SUPPLIED MATERIAL:
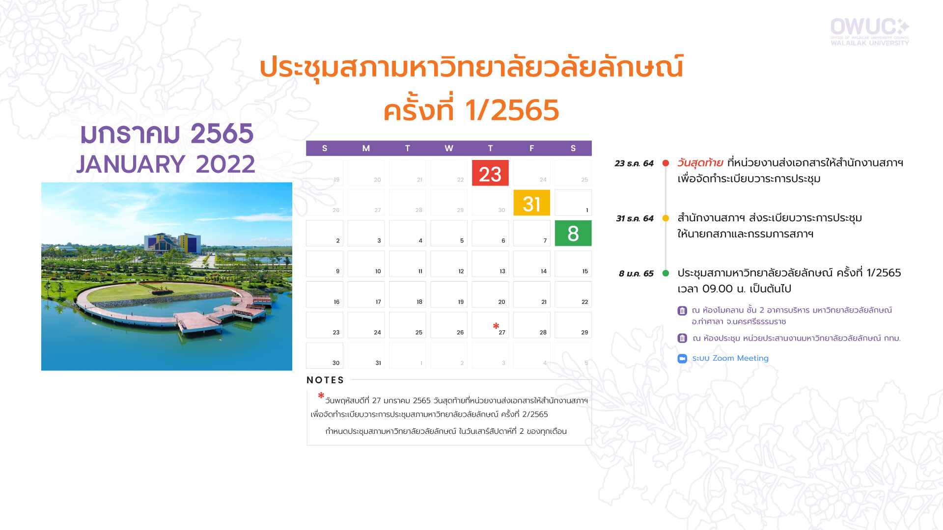 ปฏิทินประชุมสภามหาวิทยาลัยวลัยลักษณ์ ครั้งที่ 1/2565
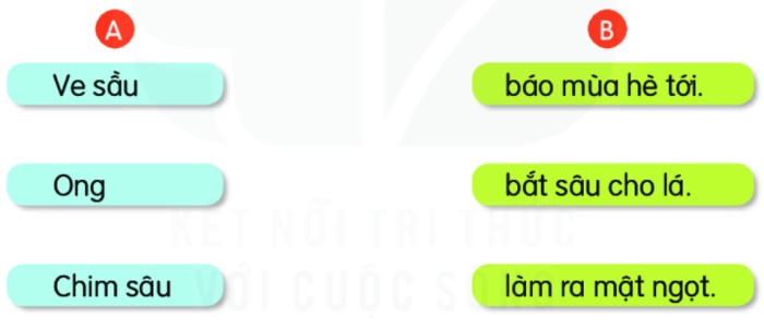 Câu 2: Kết hợp từ ngữ ở cột A với từ ngữ ở cột B để tạo câu.
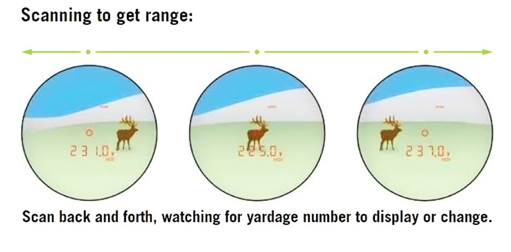 Tretji način merjenja je Scan Mode. Gre za neprestano oz. kontinuirano izpisovanje razdalj. Pri tem se vam ni potrebno osredotočiti na en sam cilj, je pa ta način izjemno priročen pri sledenju premikajočih živali.

WHAT THIS TASK INVOLVES:
Your answer should consist solely of the lines from the line with "Câu 2: Kết hợp" to the final line of the listing, set down word for word, pictures omitted.

TASK OUTPUT:
 Câu 2: Kết hợp từ ngữ ở cột A với từ ngữ ở cột B để tạo câu.
 Tretji način merjenja je Scan Mode. Gre za neprestano oz. kontinuirano izpisovanje razdalj. Pri tem se vam ni potrebno osredotočiti na en sam cilj, je pa ta način izjemno priročen pri sledenju premikajočih živali.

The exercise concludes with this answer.